The second factor (F2) was associated with natural bedrock weathering and geogenic processes, displaying high loadings of OC, CC, DO, Cd, Co, Cr, Cu, Ni, and Zn. In turn, Cd, Co, Cr, Cu, Ni, Pb, and Zn were primarily linked to industrial sources (Ateş et al., 2020). Hence, this factor that accounted for 31.05% of the total variance indicates contributions from domestic and industrial wastewater discharges.
The third factor (F3), representing 23.38% of the total variance, displayed strong positive loadings on Fe, Mn, and pH. Fe and Mn were attributed to geogenic processes involving weathering and redox reactions (Brindha et al., 2020).
Table 4
FA analysis results of the trace metals and ions detected in the surface water reservoirs located in Korba basin during post monsoon season.
Parameter | Component |
F1 | F2 | F3 |
pH | | | 0.876 |
DO, mg L− 1 | 0.251 | 0.743 | |
RP, mV | | | 0.434 |
EC, µS cm− 1 | 0.366 | | 0.366 |
TDS, mg L− 1 | 0.951 | | |
F− | 0.936 | | 0.295 |
SO42− | 0.88 | | 0.418 |
Cl− | 0.932 | | |
NO3− | 0.902 | 0.324 | 0.239 |
SiO44− | 0.901 | | |
OC | | 0.93 | |
CC | | 0.909 | 0.373 |
Na | | 0.255 | |
K | | 0.285 | |
Mg | 0.92 | 0.245 | |
Ca | 0.897 | 0.289 | 0.255 |
Fe | | 0.554 | 0.819 |
Mn | | 0.482 | 0.837 |
Al | 0.948 | | |
Ba | 0.954 | | |
Zn | | 0.747 | 0.642 |
Cr | | 0.94 | 0.285 |
Co | | 0.663 | 0.26 |
Ni | | 0.6 | |
Cu | | 0.852 | |
Sb | | | 0.376 |
Pb | | | 0.232 |
U | | | 0.309 |
Variance % | 34.58 | 31.05 | 23.38 |
Cumulative % | 34.58 | 65.63 | 89.01 |
Water Quality Assessment
Several chemical species, including OC, F−, Al, Mn, and Fe, were consistently found to exceed the permissible limits of 25, 1.5, 0.5, 0.05, and 0.300 mg·L− 1of BIS and WHO, respectively, throughout all seasons (BIS 2012; WHO, 2012) similar to other coal field areas (Sahoo et al. 2022; Zhou et al. 2020). Remarkable increases in the concentrations of carbons, ions, and metals were observed during the monsoon period, attributed to the discharge of runoff water. In the rainy season, concentrations of NO3− and Pb exceeded the tolerance limits of 45 and 0.01 mg·L− 1, respectively.
The ESP, SH, MH, SAR, and WQI values were assessed for domestic and irrigation purposes. The observed values ranged from 16.4–61.4%, 20.2–72.9%, 31.6–40.0%, 0.32 to 2.56, and 226 to 372, with mean values of 32.2 ± 20.0, 40.3 ± 22.2, 35.7 ± 3.0, 1.40 ± 1.09, and 296 ± 26, respectively. The water quality was thus deemed unsuitable for drinking purposes, as indicated by a very poor WQI, exceeding 200 (WHO, 2012).

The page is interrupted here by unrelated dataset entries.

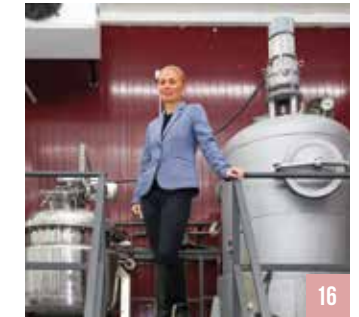
ინოვაციური სოფლის მეურნეობები

წინამდებარე პუბლიკაციის შინაარსი და მასში გამოთქმული მოსაზრებები შესაძლოა, არ გამოხატავდეს გაეროს ქალთა ორგანიზაციის, გაერთიანებული ერების ორგანიზაციის, მისი რომელიმე წევრი ორგანიზაციის, ან ნორვეგიის სააგენტოს განვითარების თანამშრომლობისთვის ოფიციალურ პოზიციას.
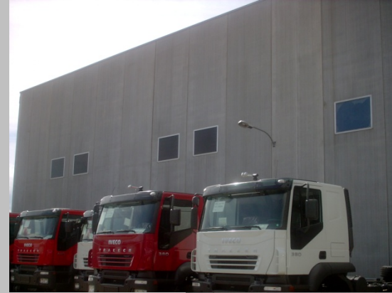
IMÁGENES EXTERIORES DE LA NAVE
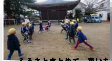
ふるさとまとめて 花いちもんめ
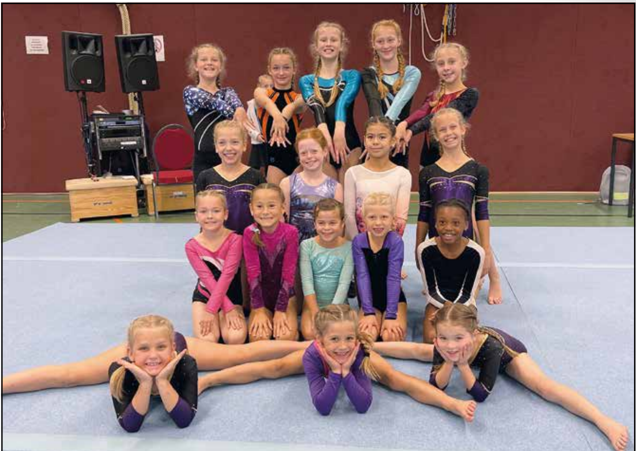
Diese 17 Turnerinnen aus Bramsche und Engter stellten sich dem großen Teilnehmerfeld in Nordhorn.
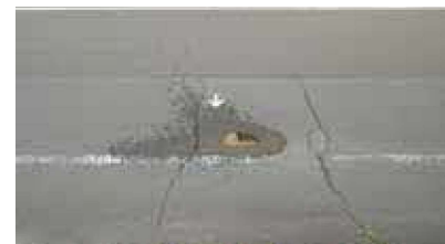
▲路面が濡れているとの通報で発見できた漏水箇所
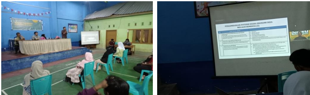
Figur 2. Kegiatan Workshop BUMDES dengan Materi Potensi Ekonomi, Aturan Pengelolaan BUMDES, dan Sukses Story BUMDES
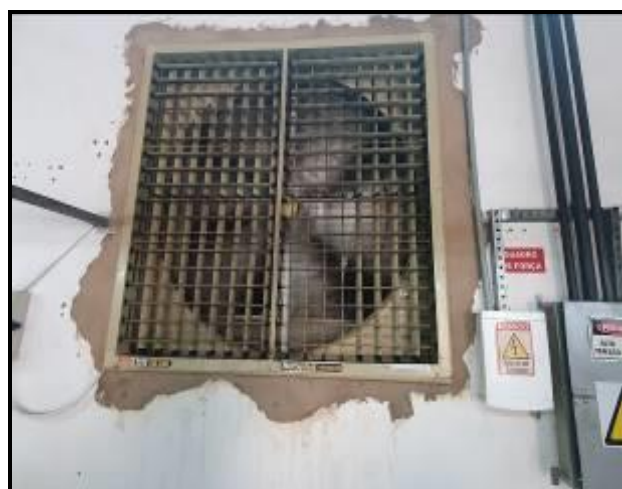
Item 34: Ventilador evaporativo R160F FB MOD 600
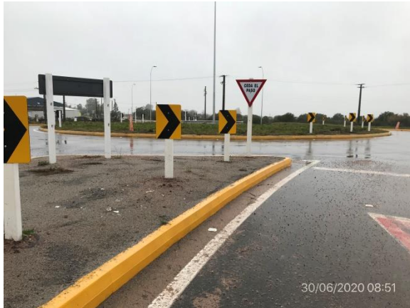
Ilustración 4 – P01, inicio de tramo. Ruta 81, progresiva 23K170, Paso de la Cadena
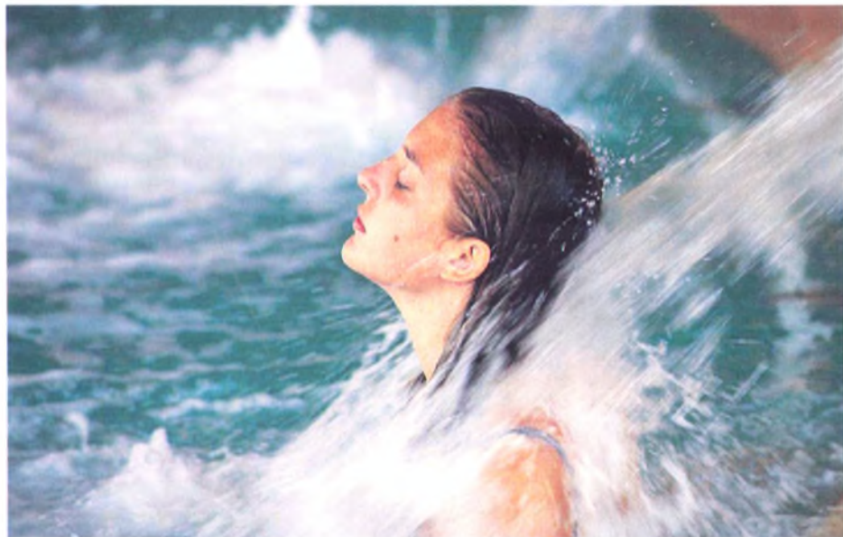
Морские купания в Анапе ■

Купание в море сопровождается массирующим и лимфостимулирующим действием волн, стерилизующим эффектом ультрафиолетового излучения солнца, химическим действием минеральных компонентов морской воды и содержащихся в ней микроэлементов, седативным шумовым эффектом прибоя.
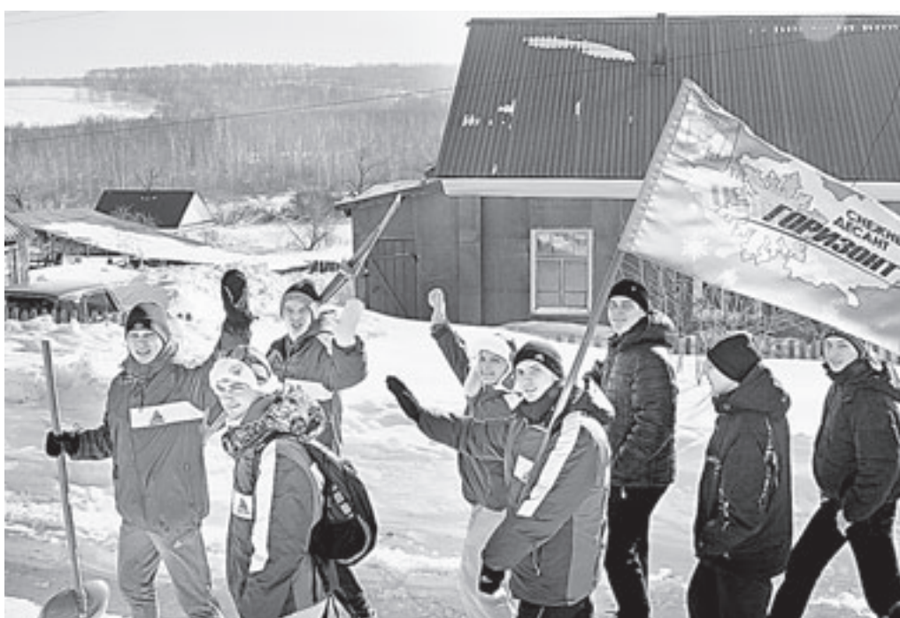
В Ельцовке студенты оказали шефскую помощь местным жителям.

автобусе в Ельцовку, что в двадцати километрах от райцентра. В селе проживает порядка восьмисот человек. Здесь добротная
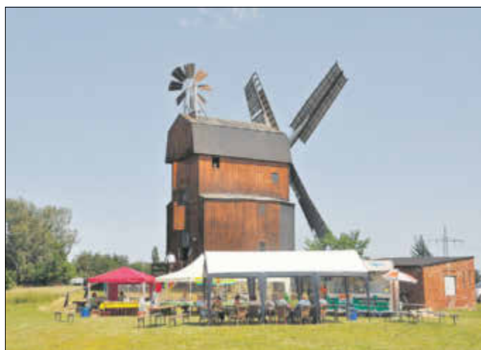
Mühltage 2014 mit dem Heimatverein Parey e. V.
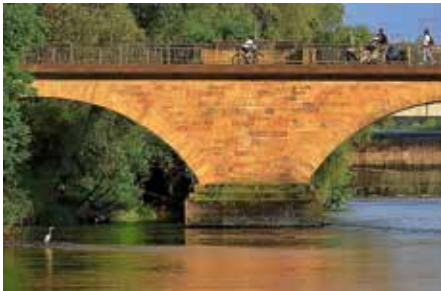
Foto: Frank-M. Zahn aus dem Wettbewerb zum Foto des Jahres 2023: Die alte Neckarbrücke

Themenführung am Pfingstsonntag, 19. Mai um 15 Uhr: „Der Neckar in und um Lauffen“
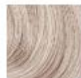
10-19C Blond Ultra Cendré Violet
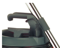
Poignée Multi-fonctions + câble détachable
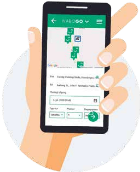
Figur 2: NaboGOs platform viser både mødesteder og knudepunkter i Nordjylland. Her et eksempel fra Tornby mellem Hirtshals og Hjørring.

som et geografisk fixpunkt og er med til at tage kunden i hånden og sikre en tryk rejse og skift mellem mobilitetsformer, da man i fremtiden vil kunne se de virtuelle knudepunkter fx i en samkørselsapp, og man vil kunne navigere efter den fysiske knudepunktmarkør i virkeligheden. Opkoblingen mellem det virtuelle mødested og det fysiske mødested vil dermed skabe bedre forbindelser mellem forskellige former for mobilitet og samtidig gøre rejsen mere brugervenlig.
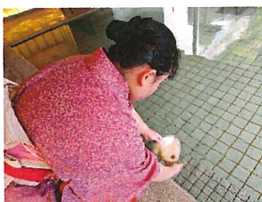
入湯チェックの様子
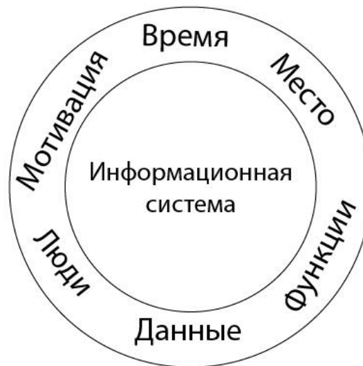
Рисунок 3 – Свертка модели Захмана
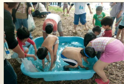
親子あゆ・あまごつかみ体験教室
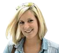
TROTAMUNDOS VĚČNÁ CESTOVATELKA A OBDDIVOATELKA ZAJÍMAVÝCH KULTUR

Mám k místním velký respekt, takže jsem neoponovala, ale v duchu si myslela své.

However, the values of ESP (Na%), MH, and SAR were found to be less than 80%, 50%, and 6, respectively. The water quality fell within the C1 − S1 and C2 − S2 categories with low salinity (Fig. 6), making it suitable for direct use in irrigation (Bouwer, 1978; Paliwal, 1972; Richards, 1954; Wilcox, 1955).